RECORDS SHOWN.
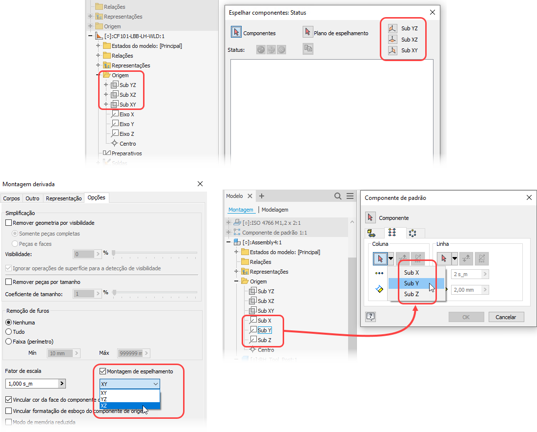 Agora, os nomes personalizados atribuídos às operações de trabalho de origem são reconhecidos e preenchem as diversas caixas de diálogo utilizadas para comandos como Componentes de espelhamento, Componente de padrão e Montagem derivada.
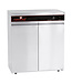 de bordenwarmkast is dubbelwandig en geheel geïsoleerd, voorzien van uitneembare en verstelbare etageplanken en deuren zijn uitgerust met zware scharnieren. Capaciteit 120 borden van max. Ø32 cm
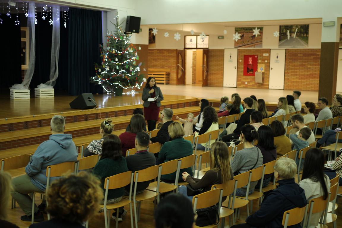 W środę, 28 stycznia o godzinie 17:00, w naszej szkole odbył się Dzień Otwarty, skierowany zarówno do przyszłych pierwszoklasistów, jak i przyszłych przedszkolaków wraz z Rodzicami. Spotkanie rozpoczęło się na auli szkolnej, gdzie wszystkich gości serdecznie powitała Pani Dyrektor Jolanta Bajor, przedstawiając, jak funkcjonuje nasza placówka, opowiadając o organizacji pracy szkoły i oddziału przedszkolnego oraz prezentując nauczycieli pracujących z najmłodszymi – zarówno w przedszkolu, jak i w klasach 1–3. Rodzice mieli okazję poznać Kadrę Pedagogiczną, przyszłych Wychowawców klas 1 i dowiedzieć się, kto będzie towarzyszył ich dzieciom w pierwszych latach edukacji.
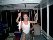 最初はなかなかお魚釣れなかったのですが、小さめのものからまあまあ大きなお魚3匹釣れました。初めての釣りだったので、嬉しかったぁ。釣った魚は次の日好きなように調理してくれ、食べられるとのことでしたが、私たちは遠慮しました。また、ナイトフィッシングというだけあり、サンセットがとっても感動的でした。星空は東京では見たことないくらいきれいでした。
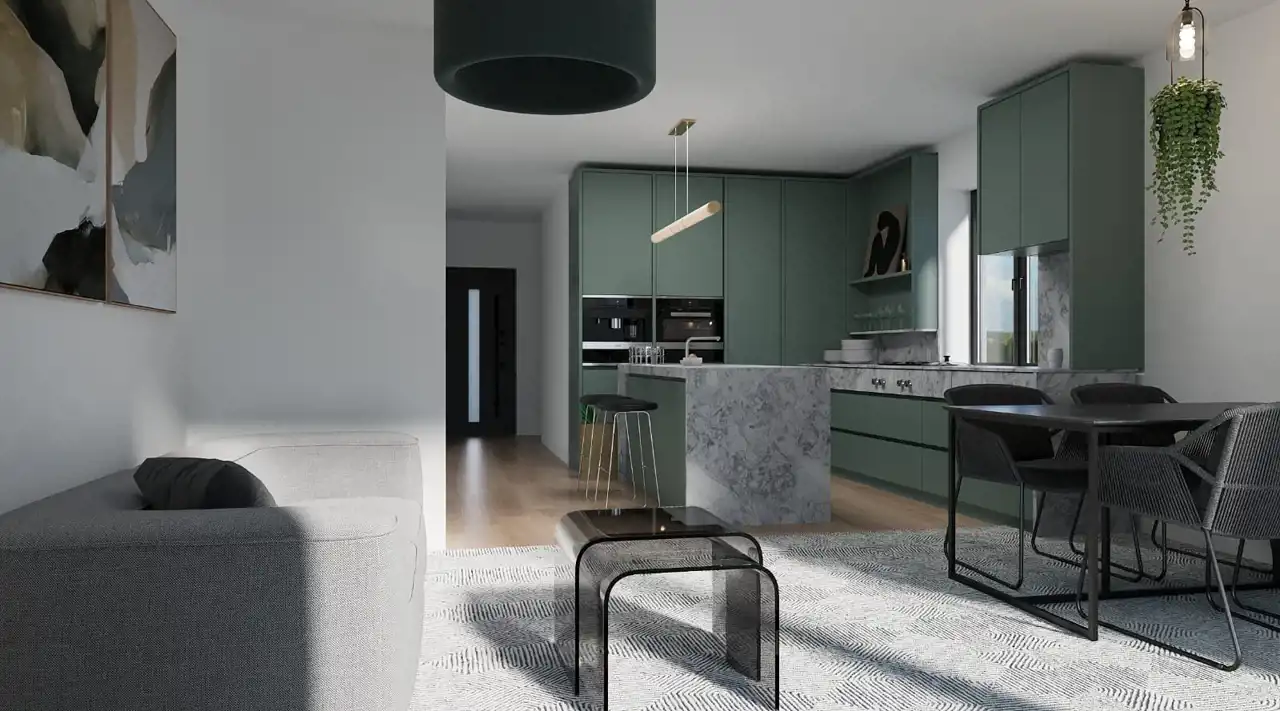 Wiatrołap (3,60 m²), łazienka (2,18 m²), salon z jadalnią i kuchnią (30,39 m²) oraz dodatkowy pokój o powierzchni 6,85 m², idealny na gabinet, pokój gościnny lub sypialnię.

TASK TO CARRY OUT. Each entry above is to be restated exactly, without its images.

EXERCISE OUTPUT.
 Agora, os nomes personalizados atribuídos às operações de trabalho de origem são reconhecidos e preenchem as diversas caixas de diálogo utilizadas para comandos como Componentes de espelhamento, Componente de padrão e Montagem derivada.
 de bordenwarmkast is dubbelwandig en geheel geïsoleerd, voorzien van uitneembare en verstelbare etageplanken en deuren zijn uitgerust met zware scharnieren. Capaciteit 120 borden van max. Ø32 cm
 W środę, 28 stycznia o godzinie 17:00, w naszej szkole odbył się Dzień Otwarty, skierowany zarówno do przyszłych pierwszoklasistów, jak i przyszłych przedszkolaków wraz z Rodzicami. Spotkanie rozpoczęło się na auli szkolnej, gdzie wszystkich gości serdecznie powitała Pani Dyrektor Jolanta Bajor, przedstawiając, jak funkcjonuje nasza placówka, opowiadając o organizacji pracy szkoły i oddziału przedszkolnego oraz prezentując nauczycieli pracujących z najmłodszymi – zarówno w przedszkolu, jak i w klasach 1–3. Rodzice mieli okazję poznać Kadrę Pedagogiczną, przyszłych Wychowawców klas 1 i dowiedzieć się, kto będzie towarzyszył ich dzieciom w pierwszych latach edukacji.
 最初はなかなかお魚釣れなかったのですが、小さめのものからまあまあ大きなお魚3匹釣れました。初めての釣りだったので、嬉しかったぁ。釣った魚は次の日好きなように調理してくれ、食べられるとのことでしたが、私たちは遠慮しました。また、ナイトフィッシングというだけあり、サンセットがとっても感動的でした。星空は東京では見たことないくらいきれいでした。
 Wiatrołap (3,60 m²), łazienka (2,18 m²), salon z jadalnią i kuchnią (30,39 m²) oraz dodatkowy pokój o powierzchni 6,85 m², idealny na gabinet, pokój gościnny lub sypialnię.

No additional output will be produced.